-- Data to process follows --

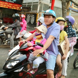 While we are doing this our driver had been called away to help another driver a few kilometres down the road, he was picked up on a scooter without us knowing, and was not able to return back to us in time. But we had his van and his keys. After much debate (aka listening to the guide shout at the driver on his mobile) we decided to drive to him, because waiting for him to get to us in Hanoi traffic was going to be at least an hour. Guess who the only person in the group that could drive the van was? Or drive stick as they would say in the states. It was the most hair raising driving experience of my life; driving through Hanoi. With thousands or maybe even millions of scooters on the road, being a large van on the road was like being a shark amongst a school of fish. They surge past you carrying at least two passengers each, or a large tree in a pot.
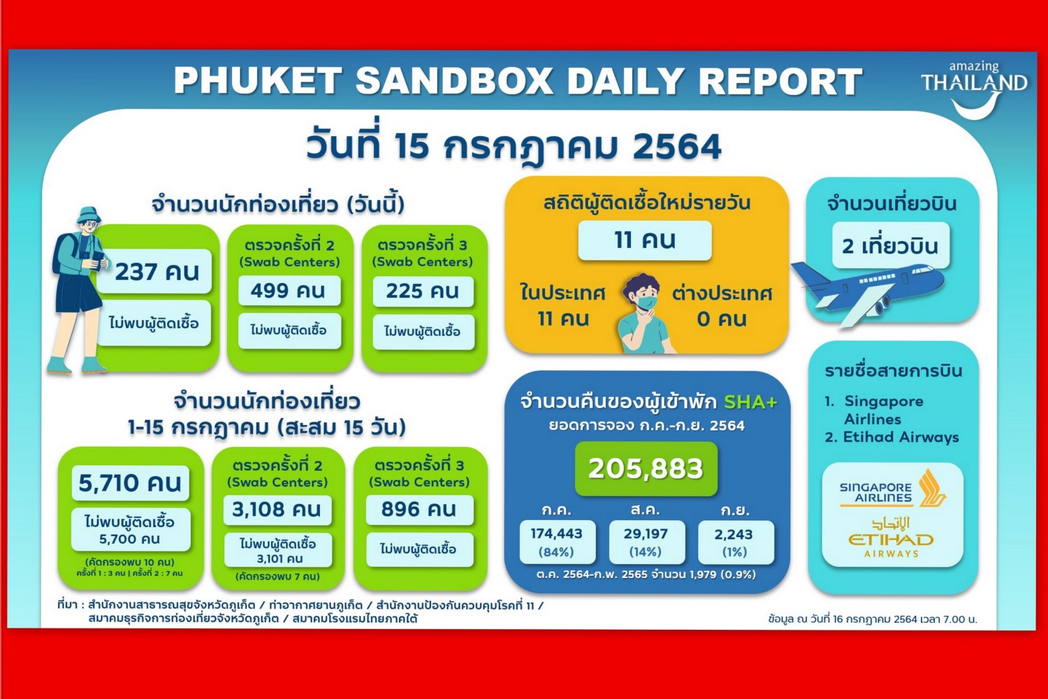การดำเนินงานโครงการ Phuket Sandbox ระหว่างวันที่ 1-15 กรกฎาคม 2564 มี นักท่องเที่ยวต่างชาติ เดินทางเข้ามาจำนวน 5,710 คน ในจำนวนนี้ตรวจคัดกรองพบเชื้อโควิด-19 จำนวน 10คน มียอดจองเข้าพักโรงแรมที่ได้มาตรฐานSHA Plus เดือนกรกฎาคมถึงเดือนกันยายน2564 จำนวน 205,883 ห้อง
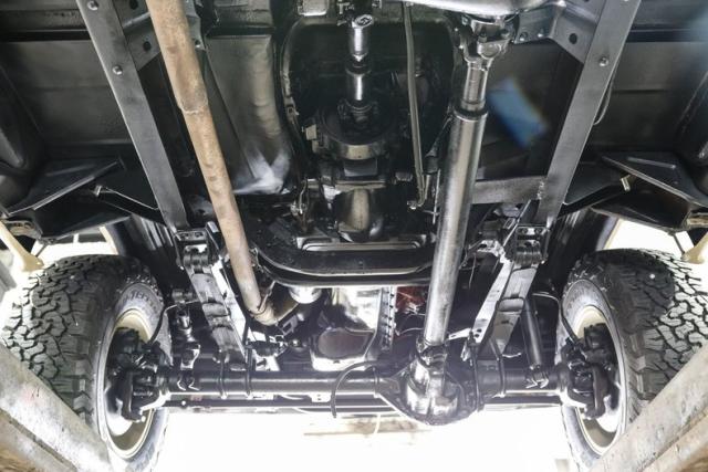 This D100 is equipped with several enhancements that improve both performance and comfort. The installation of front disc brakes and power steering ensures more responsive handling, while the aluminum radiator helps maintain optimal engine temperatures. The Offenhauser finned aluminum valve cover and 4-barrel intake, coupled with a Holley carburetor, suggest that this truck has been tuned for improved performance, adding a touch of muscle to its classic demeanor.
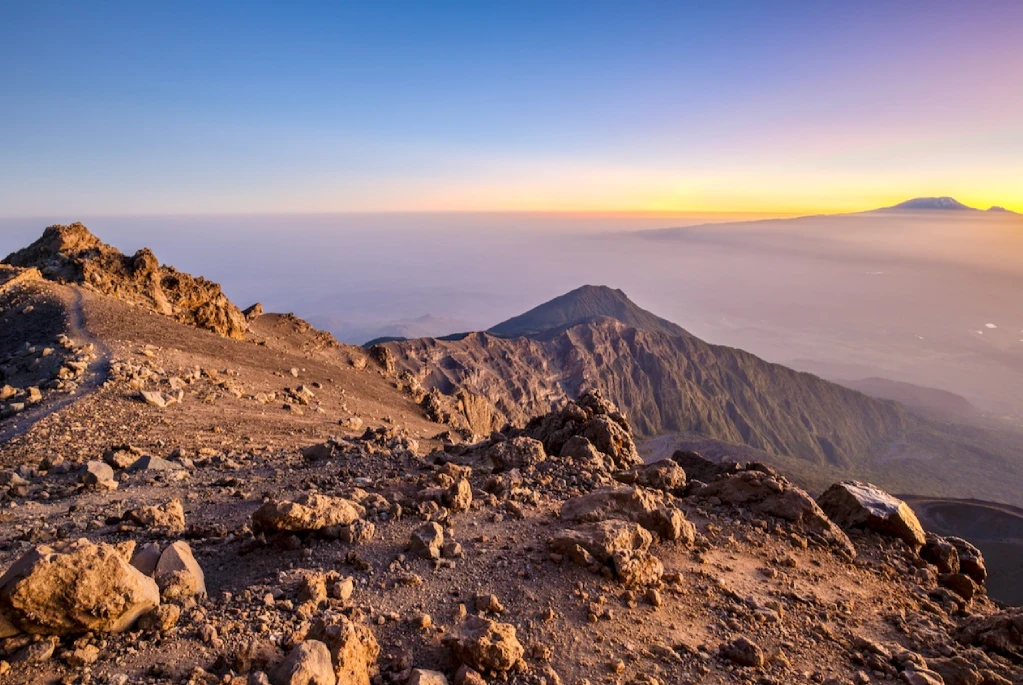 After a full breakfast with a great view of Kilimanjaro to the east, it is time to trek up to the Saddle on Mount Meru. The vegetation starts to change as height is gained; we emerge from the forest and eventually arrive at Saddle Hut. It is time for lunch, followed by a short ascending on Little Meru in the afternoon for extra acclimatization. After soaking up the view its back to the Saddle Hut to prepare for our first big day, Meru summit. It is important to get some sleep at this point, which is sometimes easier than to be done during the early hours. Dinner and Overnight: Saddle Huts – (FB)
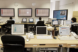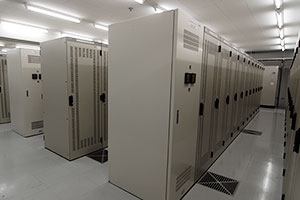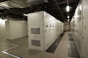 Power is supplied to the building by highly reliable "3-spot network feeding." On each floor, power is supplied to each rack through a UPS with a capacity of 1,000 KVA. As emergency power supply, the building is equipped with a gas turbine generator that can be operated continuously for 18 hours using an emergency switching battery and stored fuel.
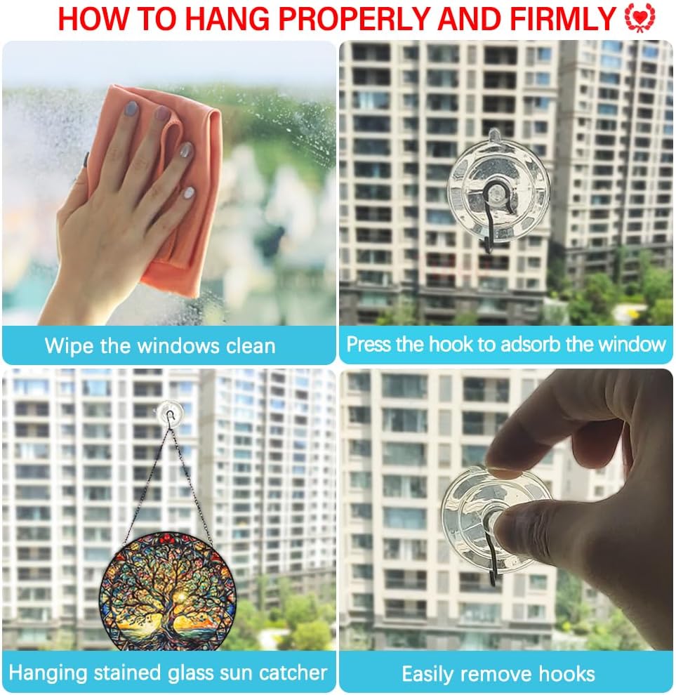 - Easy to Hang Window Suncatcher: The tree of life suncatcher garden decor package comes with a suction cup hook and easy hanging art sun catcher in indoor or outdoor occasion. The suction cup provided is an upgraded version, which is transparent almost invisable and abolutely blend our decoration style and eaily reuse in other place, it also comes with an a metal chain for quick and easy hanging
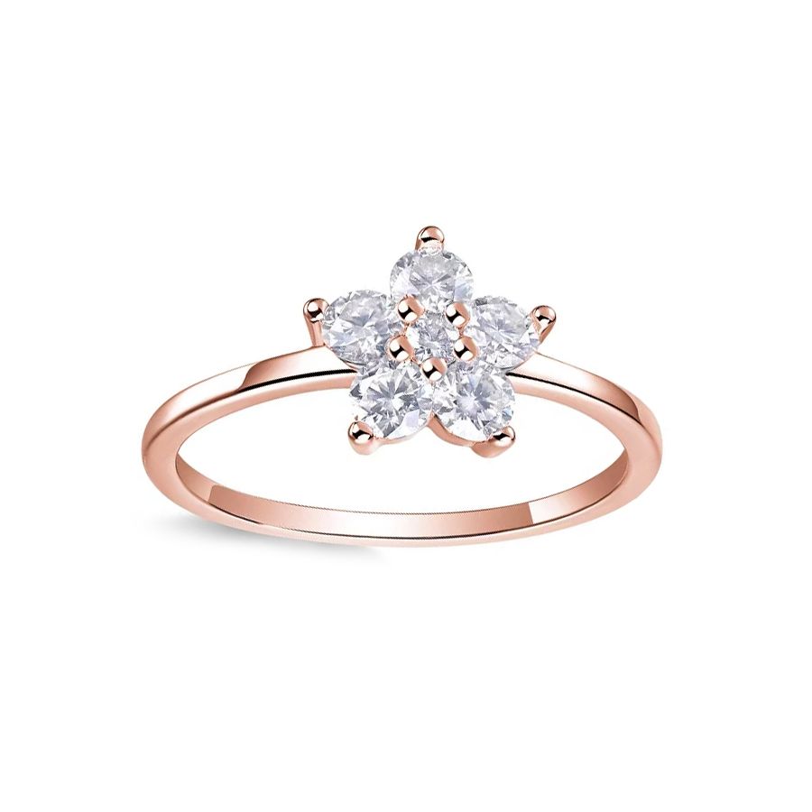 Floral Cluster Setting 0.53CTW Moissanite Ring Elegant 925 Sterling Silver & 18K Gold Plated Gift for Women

-- Data to process concluded --

* Instructions to follow:
From the records above, transcribe only the stretch from the line with "This D100 is" through the line with "After a full", keeping both ends. Omit pictures.

* Your solution:
 This D100 is equipped with several enhancements that improve both performance and comfort. The installation of front disc brakes and power steering ensures more responsive handling, while the aluminum radiator helps maintain optimal engine temperatures. The Offenhauser finned aluminum valve cover and 4-barrel intake, coupled with a Holley carburetor, suggest that this truck has been tuned for improved performance, adding a touch of muscle to its classic demeanor.
 After a full breakfast with a great view of Kilimanjaro to the east, it is time to trek up to the Saddle on Mount Meru. The vegetation starts to change as height is gained; we emerge from the forest and eventually arrive at Saddle Hut. It is time for lunch, followed by a short ascending on Little Meru in the afternoon for extra acclimatization. After soaking up the view its back to the Saddle Hut to prepare for our first big day, Meru summit. It is important to get some sleep at this point, which is sometimes easier than to be done during the early hours. Dinner and Overnight: Saddle Huts – (FB)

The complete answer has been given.